Other disaggregation models, such as discrete choice models for example, the MultiNomial Logit (MNL) model, which is similar in structure to the MCI (Cooper and Nakanishi 1988), have been used to show that supermarket choice behaviors are fairly stable over time (over 4 years) and over space (Canada, United States and Norway) (Severin et al. 2001).
The previous models, the Huff and MCI models, have been presented as providing a probability that an individual will choose an object, a store, but it could be a product or a politician in an election (Nakanishi et al. 1974), based on elements totally external to the person making the choice: all these elements are measured in an “objective” way, in other words not subject to opinions or in more technical terms measured on ratio scales. Indeed, a store sales surface is measured in square meters (or square feet) and the distance in kilometers (miles) or minutes: no “subjectivity” is involved. However, the individual does not make his choices according to the reality of things, but according to the way he or she perceives them. It has been shown through neuroscience how much feelings and emotions are involved in decision-making (Damasio 1994): “[…], in some ways, the ability to express and feel emotions is essential to the implementation of rational behaviors.” To simplify, we perceive a reality that can lead to the occurrence of an emotion that triggers a decision in the form of a choice. Perception is a sensory input that can be a prerequisite for action (or the decision to act), but not always essential for decision-making, since dreams can lead to the same phenomenon (Brémond 2002).

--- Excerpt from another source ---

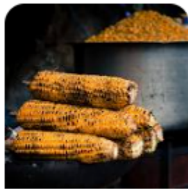
Take a food tour Savor local flavors and

With regard specifically to the choice of a point of sale, the Huff and MCI models do not include any perception variables, but only “real” variables without it being clear whether the latter have a direct impact on the individual's choices. In addition, these models often result in relatively low explanation rates. The process of choosing a store has been studied using a model of exploring the information flows that an individual must manage before visiting a store (Monroe and Guiltinan 1975) and it shows the importance of perceptions.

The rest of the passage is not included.